Content starts
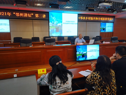 5月20日下午,学院2021年定点帮扶培训项目——“邻水乡村振兴和全域旅游发展”专题培训在邻水县宣传文化中心五楼会议室举办,来自邻水县文化和旅游产业成员单位、各镇、重点旅游企业130余名学员参加培训,邻水县文广旅局局长谭钦超主持培训会,学院派驻磬明村第一书记黄进担任培训教师。
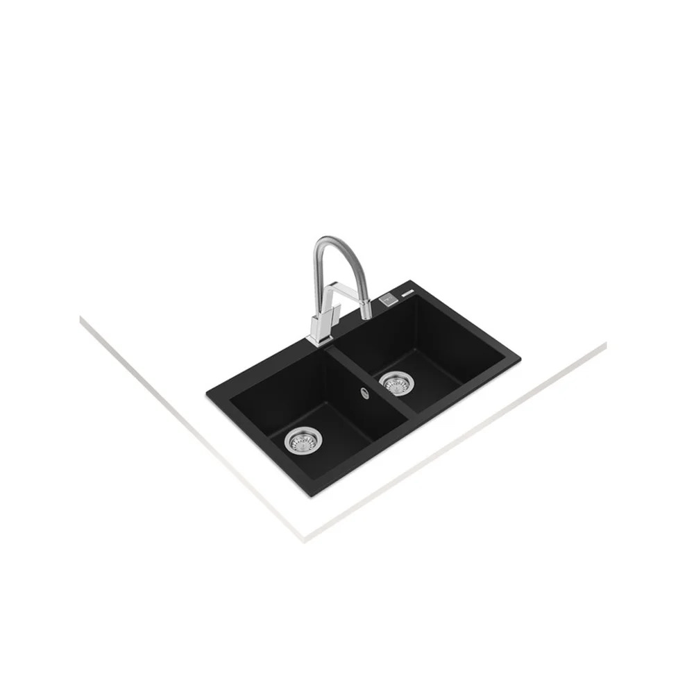 Νεροχύτης απο Συνθετικό Γρανίτη TEKA 2 Γούρνες για Ένθετη Τοποθέτηση79x50cm FORSQUARE 2B MAESTRO Μαύρος 115260014
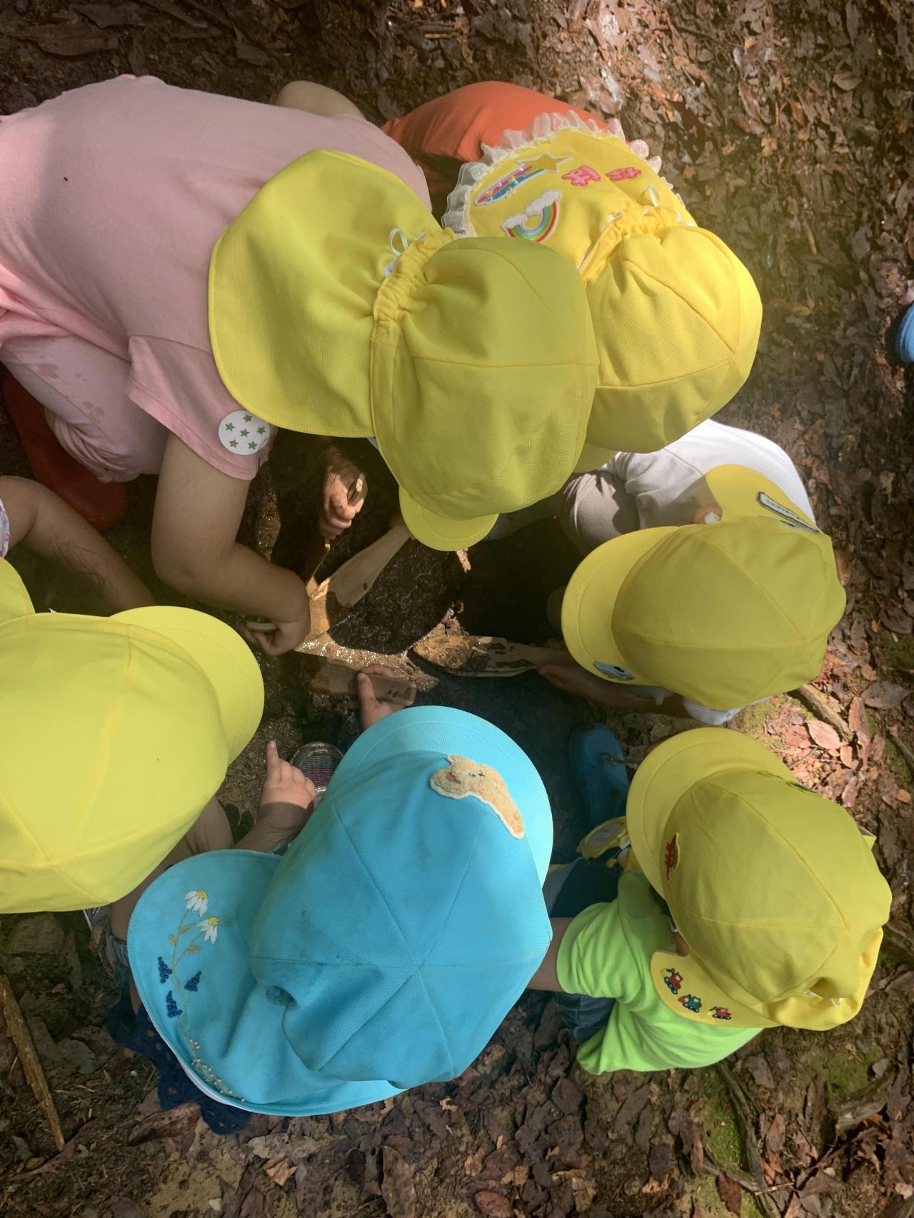「おっきなカニやー!!」「カニ可愛いね♡」「水が冷たくて気持ち良いね!」「土粘土面白い!」とそれぞれ好きな遊びを見つけて、とっても楽しんでいました🎶
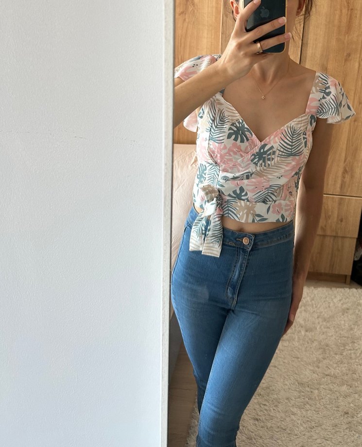 Olalook M beden çiçek desenli crop bel kısmı genişlik 35cm omuzdan aşağı 40cmdir. Sadece bir kez giyilmiştir.
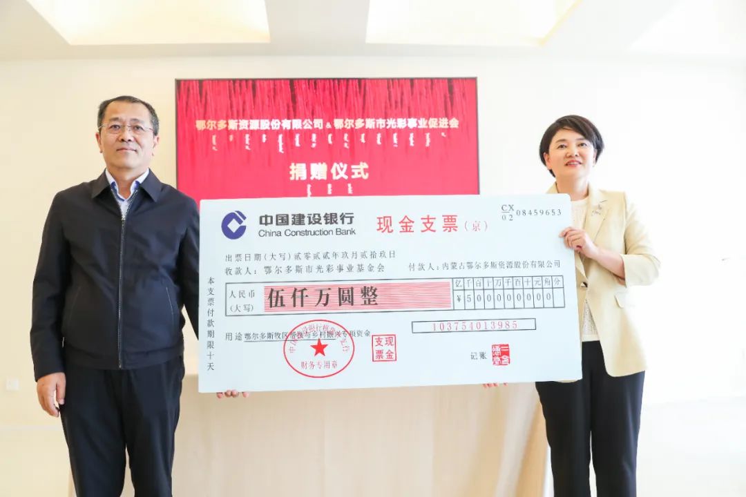 在落成发布仪式上,鄂尔多斯资源股份有限公司向鄂尔多斯市光彩事业促进会捐赠5000万元牧区帮扶与乡村振兴专项基金,助力乡村振兴。鄂托克旗阿尔巴斯苏木牧民代表向鄂尔多斯集团献上刺绣作品。
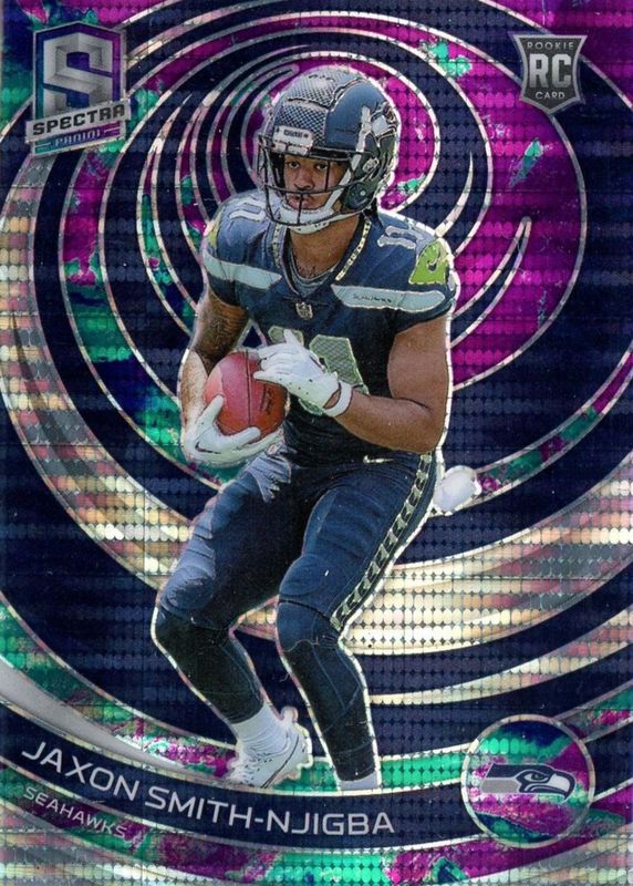 This card is 1 of 42 Jaxon Smith-Njigba's card variations in the 2023 Spectra set being tracked by Sports Card Investor, including Base, Silver, Hyper /75, Interstellar /60, and Neon Blue Die-Cut /50.
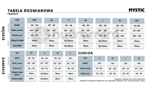 O marce Mystic Grupa kitesurferów i windsurferów kochających ekstremalne odmiany swoich sportów, które uważają to za coś więcej niż pasje. Założyciele stworzyli brand, który produkuje odzież i akcesoria o najwyższej jakości, tak aby móc polegać na nich w najbardziej ekstremalnych warunkach. Marka Mystic stała się pionierem w świecie kitesurfingu i windsurfingu. Od niedawna również w sportach takich jak SUP i wakeboard. Tworzą stale rozwijające się kolekcję odzieży i strojów kąpielowych. Mystic wierzy, że sporty takie jak kitesurfing, windsurfing, wake i SUP, to nie tylko hobby, a styl życia. Dzięki odzieży marki Mystic, możesz reprezentować swój sposób bycia zarówno na wodzie, jak i poza nią! Mystic Stealth Trapez zbudowany jest wokół opatentowanej ramy Bionic Core (BCF), która jest półsztywną płytą podtrzymującą plecy; jego unikalny materiał kompozytowy jest bardzo sztywny, ale zapewnia większą elastyczność niż konwencjonalne twarde skorupy. Stealth to ewolucja dobrze znanych modeli trapezów: Majestic oraz Legend. Łączy w sobie sztywność BCF (Majestic X) z niewchłaniającą wody powłoką wewnętrzną modelu Legend.
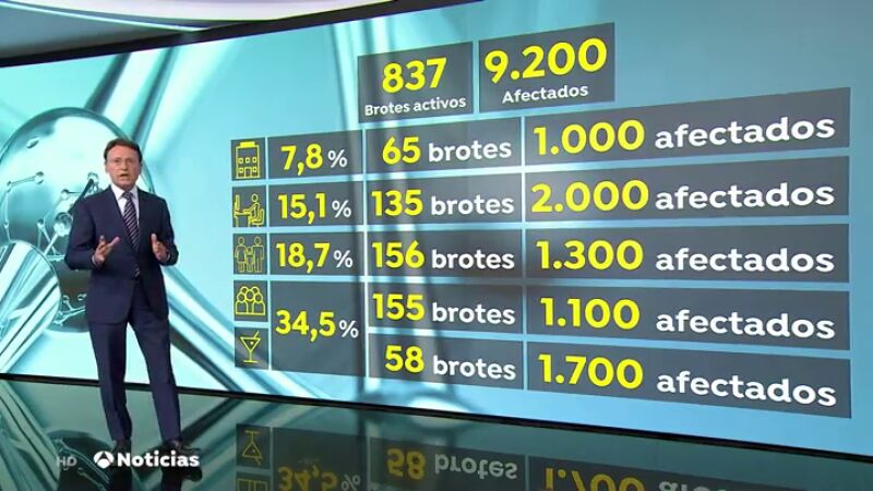 Actualmente en España hay 837 rebrotes de coronavirus activos, con alrededor de 9.200 afectados en total. La mayor parte de ellos, el 34%, se han contagiado en lo que sanidad considera brotes en el entorno social. Son más de 1.100 las personas se contagiaron en alguna celebración familiar y 1.700 las que lo hicieron en bares, restaurantes o locales de ocio nocturno.
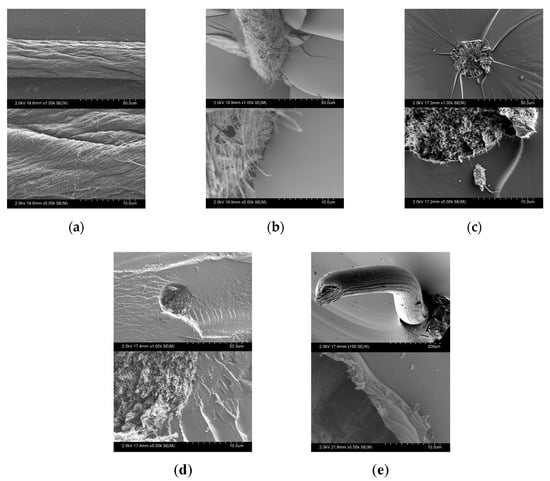 SEM images (1000×, above and 500×, below) of CNTY and CNTY/polymer specimens. (a) Individual CNTY, (b) CNTY/ER-A, (c) CNTY/ER-B, (d) CNTY/ER-B-RT, (e) CNTY/ER-B-50.
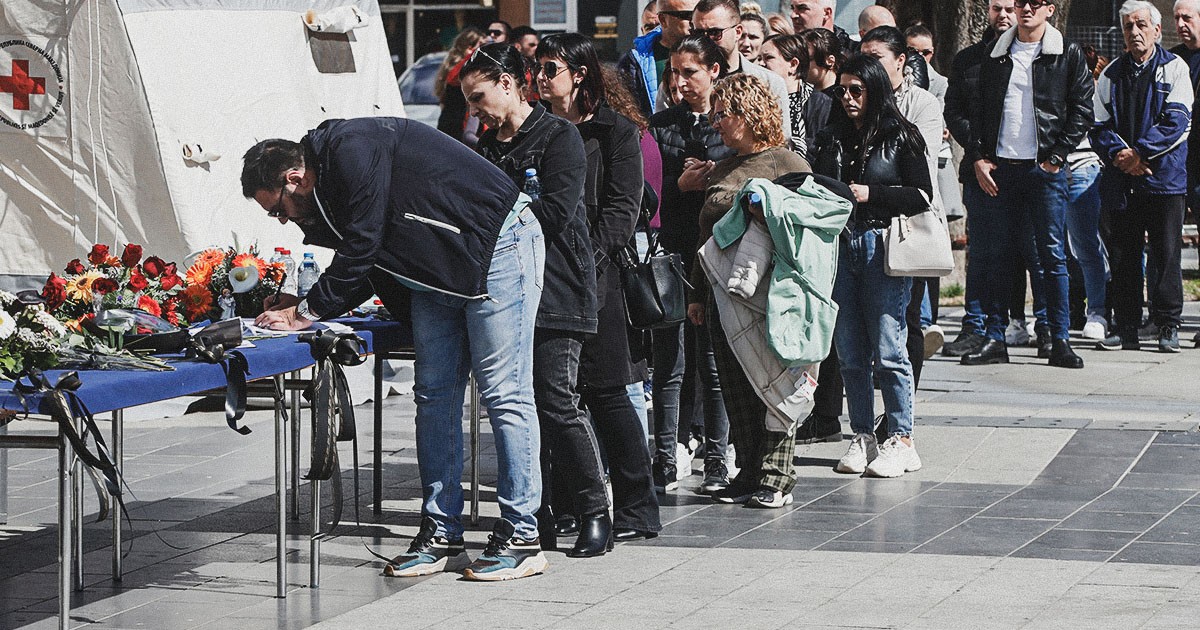 Människor står i kö för att ge kondoleanser till offren för en massiv nattklubbsbrand i staden Kocani, Nordmakedonien, den 17 mars 2025. Foto: Boris Grdanoski/AP/TT
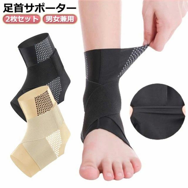 足首サポーター 2枚セット 男女兼用! クロスベルトで強力固定!簡単に装着できズレにくく、より安定したサポートが可能です。 洗濯洗いが可能なので、いつでも清潔に使うことができます。 マジックテープで簡単着脱、締め付け加減を微調整可能。 通気性に優れ長時間の装着でも蒸れにくくシーズン問わず快適にご使用になれます! 踵部分は足首がしっかり固定できるように、オープンヒールにしました。 怪我や捻挫などの歩行補助はもちろん、怪我の予防としての装着もおススメ。しっかり足首を固定し怪我なく日常やスポーツを楽しんでください。サイズ2枚セットサイズについての説明M 足首関節周り19-21cm お勧め足幅23-24cmL 足首関節周り21-23cm お勧め足幅24-25cmXL足首関節周り23-25cm お勧め足幅25-26cmサイズ表の実寸法は商品によって1-3cm程度の誤差がある場合がございます。素材ナイロン+ポリウレタン+ポリエステル色ブラックM ブラックL ベージュM ベージュL ベージュXL足首サポーター 2枚セット 男女兼用! クロスベルトで強力固定!簡単に装着できズレにくく、より安定したサポートが可能です。 洗濯洗いが可能なので、いつでも清潔に使うことができます。 マジックテープで簡単着脱、締め付け加減を微調整可能。 通気性に優れ長時間の装着でも蒸れにくくシーズン問わず快適にご使用になれます! 踵部分は足首がしっかり固定できるように、オープンヒールにしました。 怪我や捻挫などの歩行補助はもちろん、怪我の予防としての装着もおススメ。しっかり足首を固定し怪我なく日常やスポーツを楽しんでください。サイズ2枚セットサイズについての説明M 足首関節周り19-21cm お勧め足幅23-24cmL 足首関節周り21-23cm お勧め足幅24-25cmXL足首関節周り23-25cm お勧め足幅25-26cmサイズ表の実寸法は商品によって1-3cm程度の誤差がある場合がございます。素材ナイロン+ポリウレタン+ポリエステル色ブラックM ブラックL ベージュM ベージュL ベージュXL
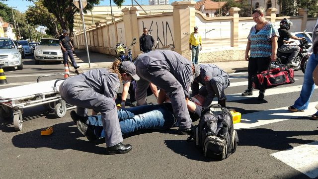 Um motorista colidiu contra um motoqueiro no início da tarde desta segunda-feira (21), em Piracicaba. O acidente ocorreu por volta das 13h40, na esquina da Rua XV de Novembro com a Rua Bom Jesus.
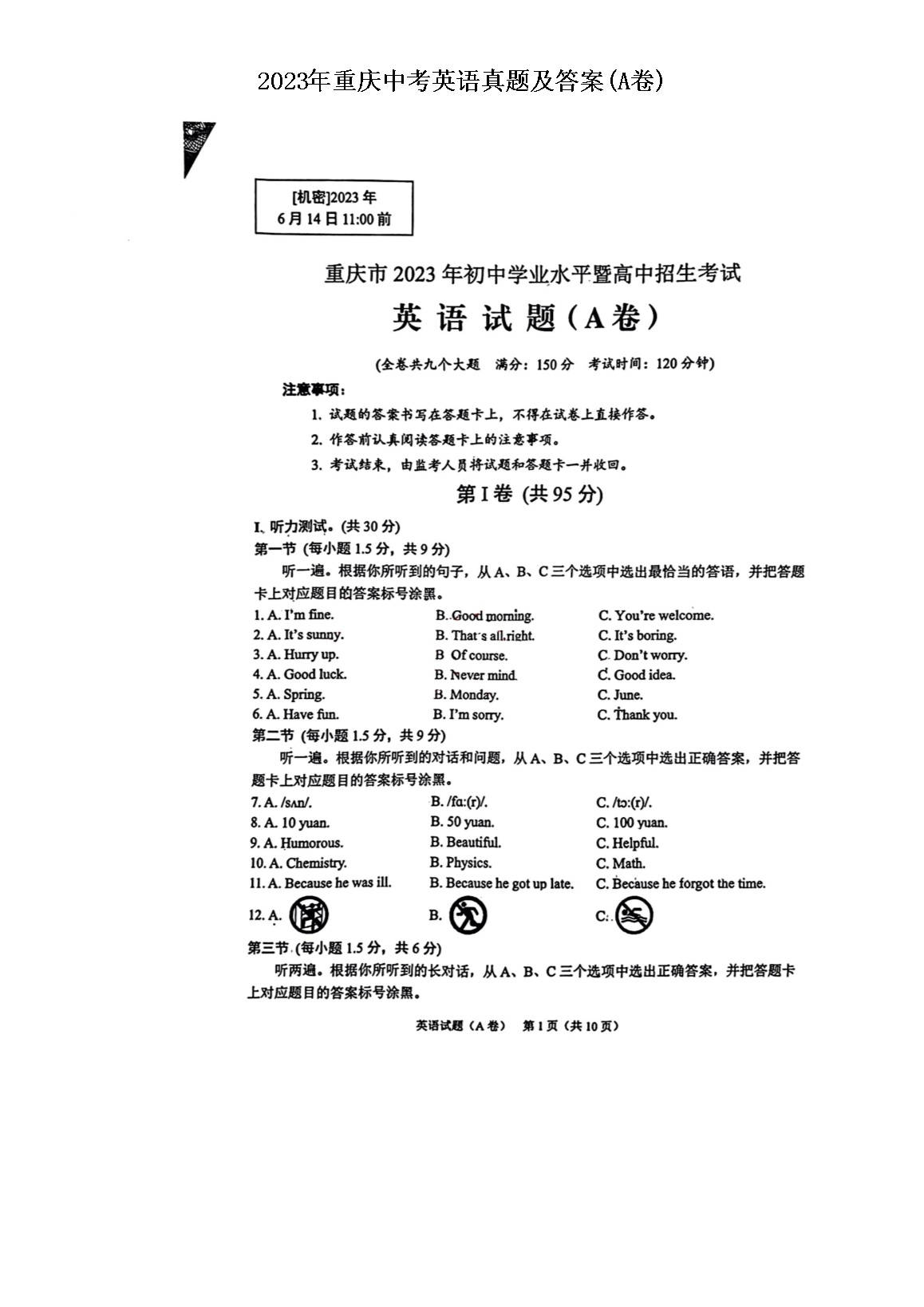 2023年重庆中考英语真题及答案(A卷)(图片版)06-17
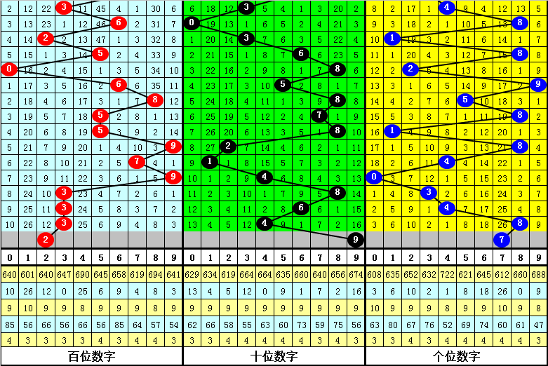 百位分析:该位上期奖号为3,出现0路、奇数、小号,在前11期奖号,该位012路比为7:1:3,0路号码热出,现在012路号码遗漏期数分散为0、4和6,近期百位正式2路号码走热。
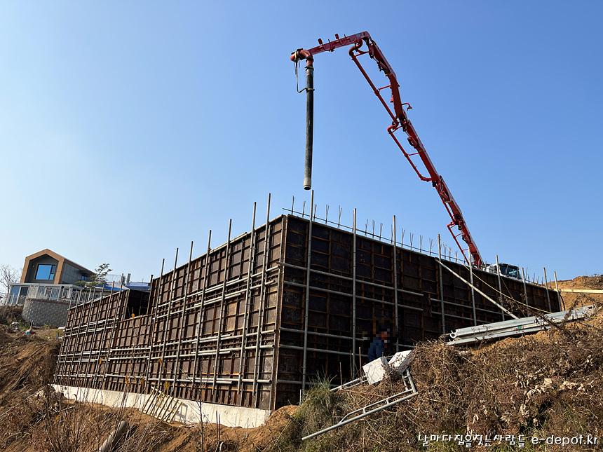 날마다집을짓는사람들의 연천 풀빌라 펜션 신축사례 : 옹벽 야기리설치 및 콘크리트 타설 후 야기리 해체까지의 과정이었습니다.
Content ends
- _WORK REQUIRED_
Nothing but the pictures should be left out when the records are retyped exactly.

- _OUTPUT_
 5月20日下午,学院2021年定点帮扶培训项目——“邻水乡村振兴和全域旅游发展”专题培训在邻水县宣传文化中心五楼会议室举办,来自邻水县文化和旅游产业成员单位、各镇、重点旅游企业130余名学员参加培训,邻水县文广旅局局长谭钦超主持培训会,学院派驻磬明村第一书记黄进担任培训教师。
 Νεροχύτης απο Συνθετικό Γρανίτη TEKA 2 Γούρνες για Ένθετη Τοποθέτηση79x50cm FORSQUARE 2B MAESTRO Μαύρος 115260014
「おっきなカニやー!!」「カニ可愛いね♡」「水が冷たくて気持ち良いね!」「土粘土面白い!」とそれぞれ好きな遊びを見つけて、とっても楽しんでいました🎶
 Olalook M beden çiçek desenli crop bel kısmı genişlik 35cm omuzdan aşağı 40cmdir. Sadece bir kez giyilmiştir.
 在落成发布仪式上,鄂尔多斯资源股份有限公司向鄂尔多斯市光彩事业促进会捐赠5000万元牧区帮扶与乡村振兴专项基金,助力乡村振兴。鄂托克旗阿尔巴斯苏木牧民代表向鄂尔多斯集团献上刺绣作品。
 This card is 1 of 42 Jaxon Smith-Njigba's card variations in the 2023 Spectra set being tracked by Sports Card Investor, including Base, Silver, Hyper /75, Interstellar /60, and Neon Blue Die-Cut /50.
 O marce Mystic Grupa kitesurferów i windsurferów kochających ekstremalne odmiany swoich sportów, które uważają to za coś więcej niż pasje. Założyciele stworzyli brand, który produkuje odzież i akcesoria o najwyższej jakości, tak aby móc polegać na nich w najbardziej ekstremalnych warunkach. Marka Mystic stała się pionierem w świecie kitesurfingu i windsurfingu. Od niedawna również w sportach takich jak SUP i wakeboard. Tworzą stale rozwijające się kolekcję odzieży i strojów kąpielowych. Mystic wierzy, że sporty takie jak kitesurfing, windsurfing, wake i SUP, to nie tylko hobby, a styl życia. Dzięki odzieży marki Mystic, możesz reprezentować swój sposób bycia zarówno na wodzie, jak i poza nią! Mystic Stealth Trapez zbudowany jest wokół opatentowanej ramy Bionic Core (BCF), która jest półsztywną płytą podtrzymującą plecy; jego unikalny materiał kompozytowy jest bardzo sztywny, ale zapewnia większą elastyczność niż konwencjonalne twarde skorupy. Stealth to ewolucja dobrze znanych modeli trapezów: Majestic oraz Legend. Łączy w sobie sztywność BCF (Majestic X) z niewchłaniającą wody powłoką wewnętrzną modelu Legend.
 Actualmente en España hay 837 rebrotes de coronavirus activos, con alrededor de 9.200 afectados en total. La mayor parte de ellos, el 34%, se han contagiado en lo que sanidad considera brotes en el entorno social. Son más de 1.100 las personas se contagiaron en alguna celebración familiar y 1.700 las que lo hicieron en bares, restaurantes o locales de ocio nocturno.
 SEM images (1000×, above and 500×, below) of CNTY and CNTY/polymer specimens. (a) Individual CNTY, (b) CNTY/ER-A, (c) CNTY/ER-B, (d) CNTY/ER-B-RT, (e) CNTY/ER-B-50.
 Människor står i kö för att ge kondoleanser till offren för en massiv nattklubbsbrand i staden Kocani, Nordmakedonien, den 17 mars 2025. Foto: Boris Grdanoski/AP/TT
 足首サポーター 2枚セット 男女兼用! クロスベルトで強力固定!簡単に装着できズレにくく、より安定したサポートが可能です。 洗濯洗いが可能なので、いつでも清潔に使うことができます。 マジックテープで簡単着脱、締め付け加減を微調整可能。 通気性に優れ長時間の装着でも蒸れにくくシーズン問わず快適にご使用になれます! 踵部分は足首がしっかり固定できるように、オープンヒールにしました。 怪我や捻挫などの歩行補助はもちろん、怪我の予防としての装着もおススメ。しっかり足首を固定し怪我なく日常やスポーツを楽しんでください。サイズ2枚セットサイズについての説明M 足首関節周り19-21cm お勧め足幅23-24cmL 足首関節周り21-23cm お勧め足幅24-25cmXL足首関節周り23-25cm お勧め足幅25-26cmサイズ表の実寸法は商品によって1-3cm程度の誤差がある場合がございます。素材ナイロン+ポリウレタン+ポリエステル色ブラックM ブラックL ベージュM ベージュL ベージュXL足首サポーター 2枚セット 男女兼用! クロスベルトで強力固定!簡単に装着できズレにくく、より安定したサポートが可能です。 洗濯洗いが可能なので、いつでも清潔に使うことができます。 マジックテープで簡単着脱、締め付け加減を微調整可能。 通気性に優れ長時間の装着でも蒸れにくくシーズン問わず快適にご使用になれます! 踵部分は足首がしっかり固定できるように、オープンヒールにしました。 怪我や捻挫などの歩行補助はもちろん、怪我の予防としての装着もおススメ。しっかり足首を固定し怪我なく日常やスポーツを楽しんでください。サイズ2枚セットサイズについての説明M 足首関節周り19-21cm お勧め足幅23-24cmL 足首関節周り21-23cm お勧め足幅24-25cmXL足首関節周り23-25cm お勧め足幅25-26cmサイズ表の実寸法は商品によって1-3cm程度の誤差がある場合がございます。素材ナイロン+ポリウレタン+ポリエステル色ブラックM ブラックL ベージュM ベージュL ベージュXL
 Um motorista colidiu contra um motoqueiro no início da tarde desta segunda-feira (21), em Piracicaba. O acidente ocorreu por volta das 13h40, na esquina da Rua XV de Novembro com a Rua Bom Jesus.
 2023年重庆中考英语真题及答案(A卷)(图片版)06-17
 百位分析:该位上期奖号为3,出现0路、奇数、小号,在前11期奖号,该位012路比为7:1:3,0路号码热出,现在012路号码遗漏期数分散为0、4和6,近期百位正式2路号码走热。
 날마다집을짓는사람들의 연천 풀빌라 펜션 신축사례 : 옹벽 야기리설치 및 콘크리트 타설 후 야기리 해체까지의 과정이었습니다.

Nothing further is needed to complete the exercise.